The conserved amino acid sequences were identified using Multalin. Using Multalin, 90% was chosen as the high consensus level, while 50% was specified as the low consensus level; BLOSUM62 was used for symbol comparison; and gap weight and length weight were 12 and 2, respectively. Afterwards, WebLogo was used to create a sequence logo of the identified conserved amino acid domain. The conservation of each amino acid from an evolutionary perspective was predicted using ConSurf.

The secondary structures of the protein for each generated amino acid sequence were predicted using GORIV. The “One-to-One Threading” option of Phyre2 was used to predict the tertiary protein structures, with the tertiary structure of AFM38206.1 used as the template. The predicted protein tertiary structures (three-dimensional, 3D) were authenticated using ERRAT (Colovos and Yeates, 1993). Afterwards, the predicted protein 3D structures visualised using RasMol (version 2.7.5.2).

The functional partners involved in the protein-protein interactions (PPI) associated with the studied protein were determined using the Search Tool for the Retrieval of Interacting Genes (STRING) software, version 11.2. Medium confidence level (0.400) and false discovery rate stringency (5%) options were used for the PPI analysis.
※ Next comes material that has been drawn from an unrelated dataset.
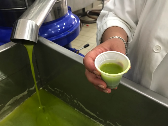 各農家さんが持ち寄るオリーブ搾油のオーガナイズシステムを視察したら、お約束の搾りたてオリーブオイルの試食です!
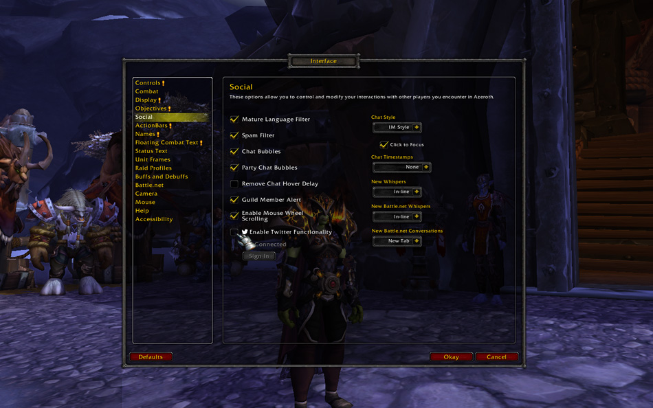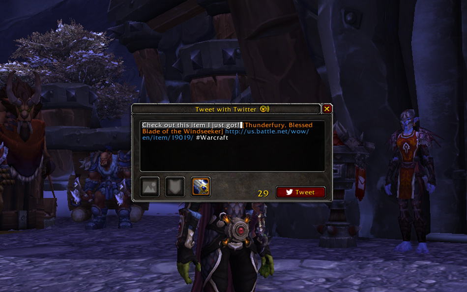 Les tweets envoyés depuis World of Warcraft ne sont créés qu’à votre initiative. Nous n’enverrons jamais de tweets automatiques à votre place. En ce sens, nous avons également désactivé cette fonction pour les add-ons. Notre objectif est de faciliter l’envoi de vos tweets en cours de partie sur World of Warcraft, ainsi que le partage d’éléments comme les objets, les hauts faits et les captures d’écran.

Connor, A. M., Waterhouse, P., Khokha, R., and Denhardt, D. T. (1989). Characterization of a mouse mitogen-regulated protein/proliferin gene and its promoter: a member of the growth hormone/prolactin gene superfamily. Biochim. Biophys. Acta 1009:75-82.

Kessler, M. A., Milosavljevic, M., Zieler, C. G., and Schuler L. A. (1989). A subfamily of bovine prolactin-related transcripts distinct from placental lactogen in the fetal placenta. Biochemistry 28:5154-5161.

Wallis M. (2001). Episodic evolution of protein hormones in mammals. J. Mol. Evol. 53:10-1.